• WHAT YOU NEED TO DO: Your answer must be an exact copy of the records below, minus any images.

/---

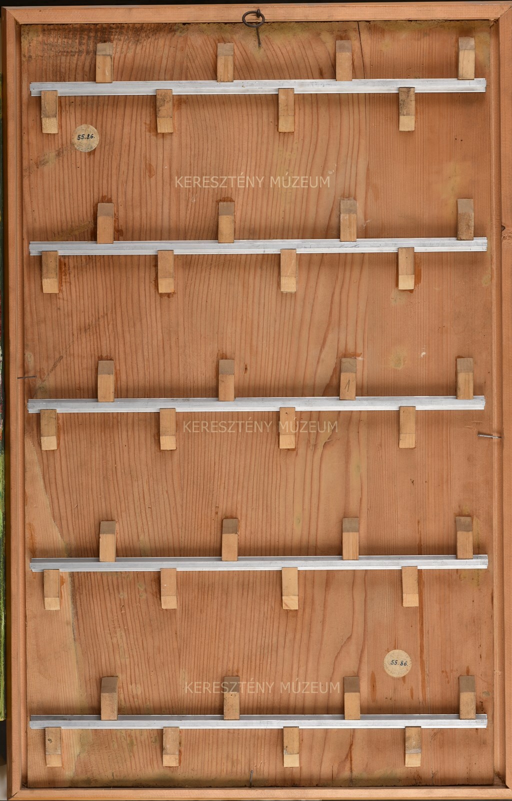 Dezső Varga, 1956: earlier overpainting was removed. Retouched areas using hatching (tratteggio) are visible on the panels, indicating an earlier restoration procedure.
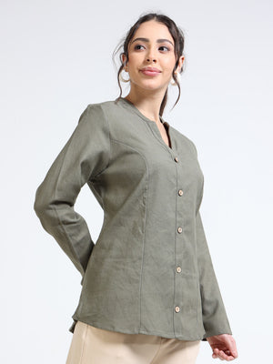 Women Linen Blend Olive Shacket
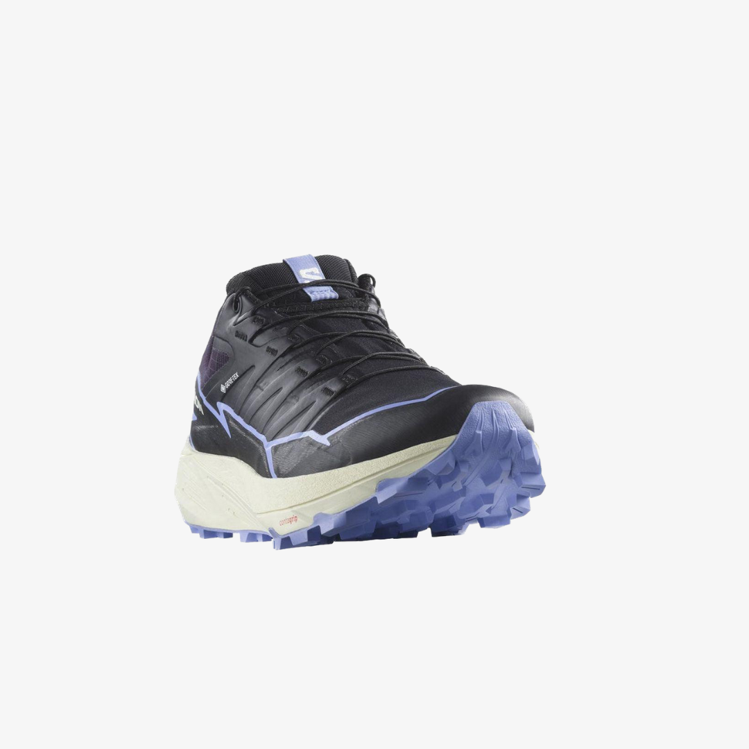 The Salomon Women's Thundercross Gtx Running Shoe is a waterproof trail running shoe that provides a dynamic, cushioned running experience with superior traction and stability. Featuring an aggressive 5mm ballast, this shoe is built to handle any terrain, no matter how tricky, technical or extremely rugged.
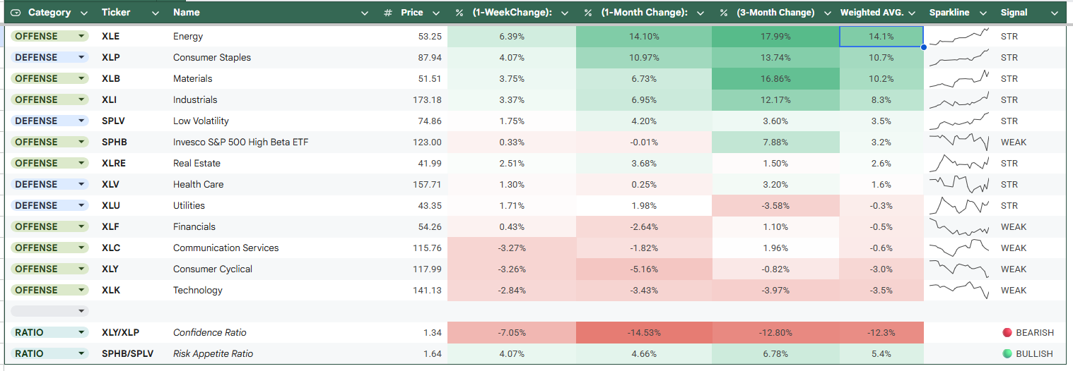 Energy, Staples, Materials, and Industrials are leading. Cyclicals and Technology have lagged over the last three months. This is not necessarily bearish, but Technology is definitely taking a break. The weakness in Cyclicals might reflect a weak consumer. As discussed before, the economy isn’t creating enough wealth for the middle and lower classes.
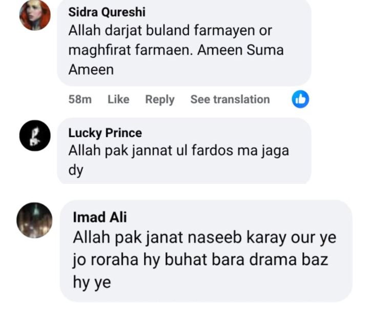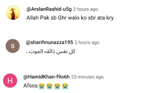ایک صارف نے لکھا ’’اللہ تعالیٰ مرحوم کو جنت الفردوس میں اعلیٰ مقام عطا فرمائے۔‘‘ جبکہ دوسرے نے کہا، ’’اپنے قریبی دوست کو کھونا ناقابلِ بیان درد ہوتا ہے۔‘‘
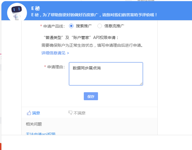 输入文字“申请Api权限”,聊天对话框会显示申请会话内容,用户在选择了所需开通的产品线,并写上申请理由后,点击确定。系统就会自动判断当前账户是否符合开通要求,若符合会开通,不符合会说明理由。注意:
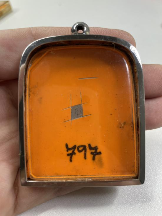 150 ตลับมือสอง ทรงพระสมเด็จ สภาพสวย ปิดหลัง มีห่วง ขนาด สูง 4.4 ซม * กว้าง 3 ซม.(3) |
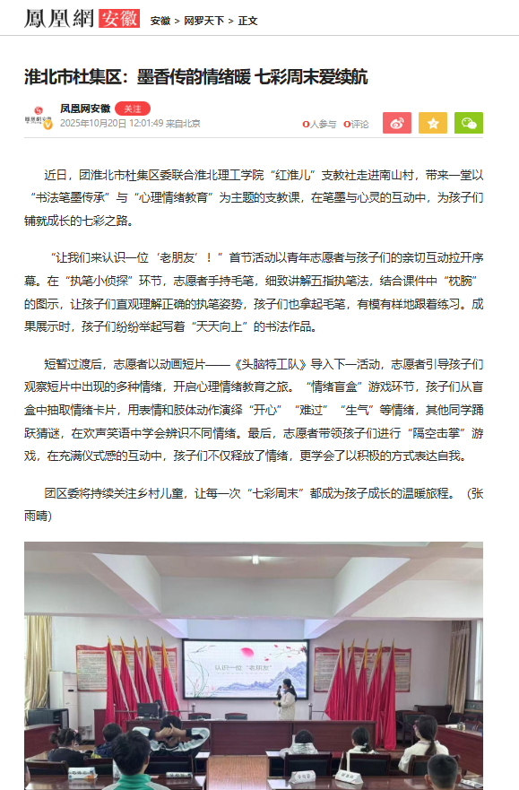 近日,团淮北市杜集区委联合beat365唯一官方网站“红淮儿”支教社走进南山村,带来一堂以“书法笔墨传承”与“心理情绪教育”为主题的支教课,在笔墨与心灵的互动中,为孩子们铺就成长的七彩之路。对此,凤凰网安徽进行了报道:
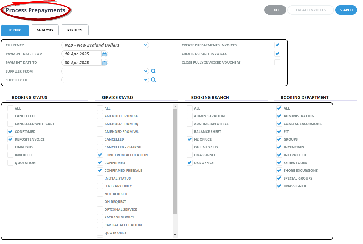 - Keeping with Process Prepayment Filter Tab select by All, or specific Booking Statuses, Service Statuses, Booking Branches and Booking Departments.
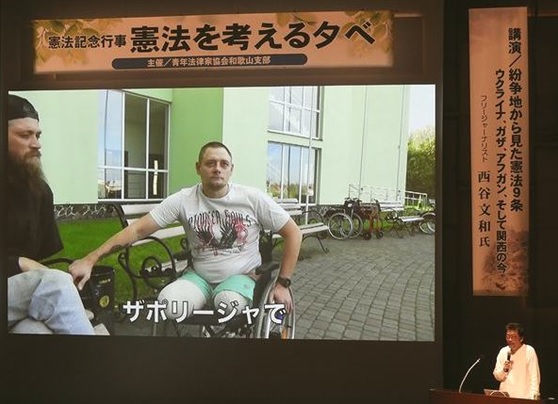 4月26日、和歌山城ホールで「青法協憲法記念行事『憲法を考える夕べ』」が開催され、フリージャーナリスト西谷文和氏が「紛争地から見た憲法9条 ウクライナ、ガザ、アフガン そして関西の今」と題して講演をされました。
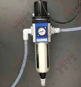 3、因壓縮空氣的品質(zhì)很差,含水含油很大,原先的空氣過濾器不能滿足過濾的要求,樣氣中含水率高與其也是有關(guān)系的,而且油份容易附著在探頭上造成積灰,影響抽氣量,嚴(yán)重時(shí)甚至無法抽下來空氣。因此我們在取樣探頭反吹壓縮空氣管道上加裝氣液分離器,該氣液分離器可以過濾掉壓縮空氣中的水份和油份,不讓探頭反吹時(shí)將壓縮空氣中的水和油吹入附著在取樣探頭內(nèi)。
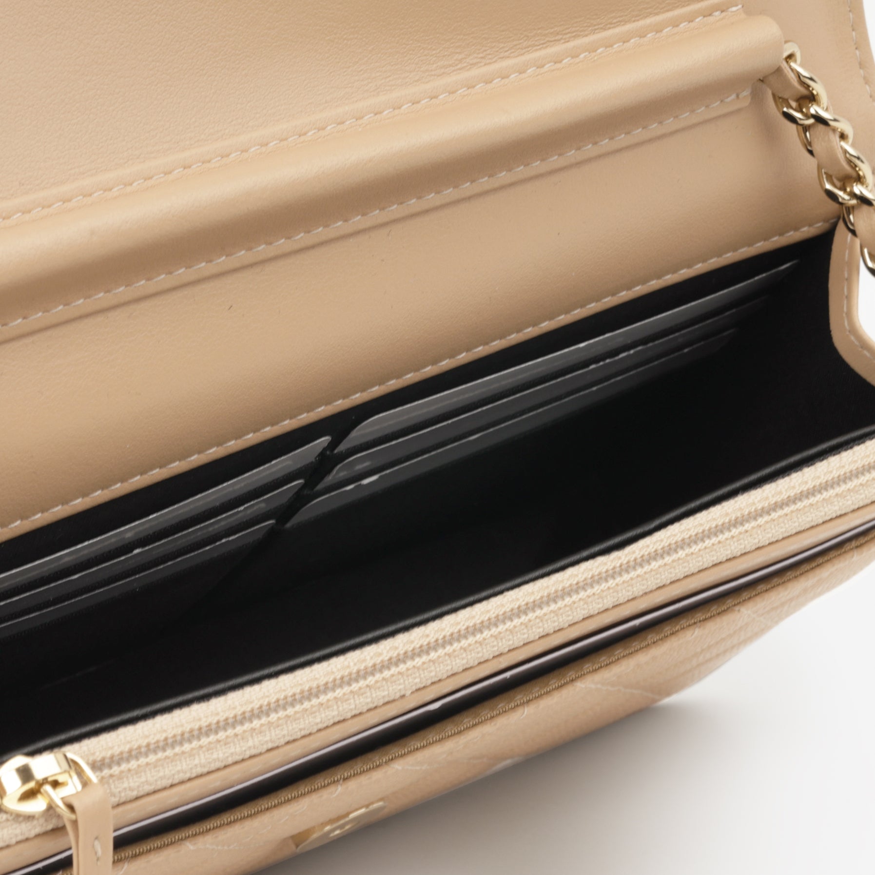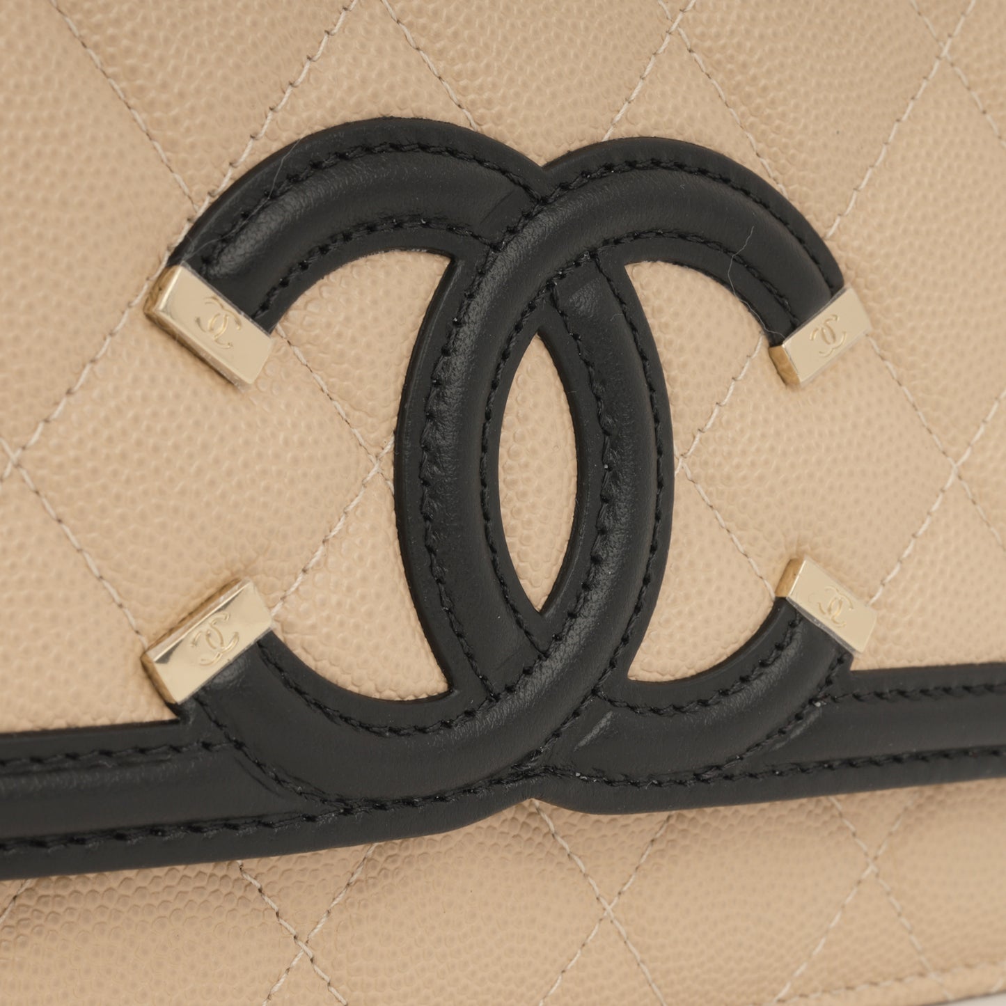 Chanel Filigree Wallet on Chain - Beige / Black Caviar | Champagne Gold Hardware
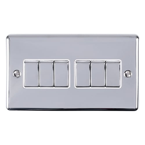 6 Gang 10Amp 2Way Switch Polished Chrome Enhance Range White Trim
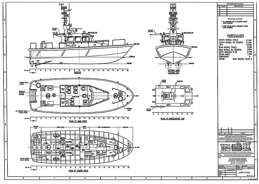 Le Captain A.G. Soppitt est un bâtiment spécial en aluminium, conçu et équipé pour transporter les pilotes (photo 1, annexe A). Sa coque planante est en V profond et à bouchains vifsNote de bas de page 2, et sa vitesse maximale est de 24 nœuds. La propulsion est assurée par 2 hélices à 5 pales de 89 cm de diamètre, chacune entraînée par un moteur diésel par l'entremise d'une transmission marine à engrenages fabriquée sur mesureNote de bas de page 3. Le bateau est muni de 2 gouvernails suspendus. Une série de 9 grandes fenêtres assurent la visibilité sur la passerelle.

\---

• WRITTEN ANSWER:
 Dezső Varga, 1956: earlier overpainting was removed. Retouched areas using hatching (tratteggio) are visible on the panels, indicating an earlier restoration procedure.
 Women Linen Blend Olive Shacket
 The Salomon Women's Thundercross Gtx Running Shoe is a waterproof trail running shoe that provides a dynamic, cushioned running experience with superior traction and stability. Featuring an aggressive 5mm ballast, this shoe is built to handle any terrain, no matter how tricky, technical or extremely rugged.
 Energy, Staples, Materials, and Industrials are leading. Cyclicals and Technology have lagged over the last three months. This is not necessarily bearish, but Technology is definitely taking a break. The weakness in Cyclicals might reflect a weak consumer. As discussed before, the economy isn’t creating enough wealth for the middle and lower classes.
ایک صارف نے لکھا ’’اللہ تعالیٰ مرحوم کو جنت الفردوس میں اعلیٰ مقام عطا فرمائے۔‘‘ جبکہ دوسرے نے کہا، ’’اپنے قریبی دوست کو کھونا ناقابلِ بیان درد ہوتا ہے۔‘‘
 输入文字“申请Api权限”,聊天对话框会显示申请会话内容,用户在选择了所需开通的产品线,并写上申请理由后,点击确定。系统就会自动判断当前账户是否符合开通要求,若符合会开通,不符合会说明理由。注意:
 150 ตลับมือสอง ทรงพระสมเด็จ สภาพสวย ปิดหลัง มีห่วง ขนาด สูง 4.4 ซม * กว้าง 3 ซม.(3) |
 近日,团淮北市杜集区委联合beat365唯一官方网站“红淮儿”支教社走进南山村,带来一堂以“书法笔墨传承”与“心理情绪教育”为主题的支教课,在笔墨与心灵的互动中,为孩子们铺就成长的七彩之路。对此,凤凰网安徽进行了报道:
 - Keeping with Process Prepayment Filter Tab select by All, or specific Booking Statuses, Service Statuses, Booking Branches and Booking Departments.
 4月26日、和歌山城ホールで「青法協憲法記念行事『憲法を考える夕べ』」が開催され、フリージャーナリスト西谷文和氏が「紛争地から見た憲法9条 ウクライナ、ガザ、アフガン そして関西の今」と題して講演をされました。
 3、因壓縮空氣的品質(zhì)很差,含水含油很大,原先的空氣過濾器不能滿足過濾的要求,樣氣中含水率高與其也是有關(guān)系的,而且油份容易附著在探頭上造成積灰,影響抽氣量,嚴(yán)重時(shí)甚至無法抽下來空氣。因此我們在取樣探頭反吹壓縮空氣管道上加裝氣液分離器,該氣液分離器可以過濾掉壓縮空氣中的水份和油份,不讓探頭反吹時(shí)將壓縮空氣中的水和油吹入附著在取樣探頭內(nèi)。
 Chanel Filigree Wallet on Chain - Beige / Black Caviar | Champagne Gold Hardware
 6 Gang 10Amp 2Way Switch Polished Chrome Enhance Range White Trim
 Le Captain A.G. Soppitt est un bâtiment spécial en aluminium, conçu et équipé pour transporter les pilotes (photo 1, annexe A). Sa coque planante est en V profond et à bouchains vifsNote de bas de page 2, et sa vitesse maximale est de 24 nœuds. La propulsion est assurée par 2 hélices à 5 pales de 89 cm de diamètre, chacune entraînée par un moteur diésel par l'entremise d'une transmission marine à engrenages fabriquée sur mesureNote de bas de page 3. Le bateau est muni de 2 gouvernails suspendus. Une série de 9 grandes fenêtres assurent la visibilité sur la passerelle.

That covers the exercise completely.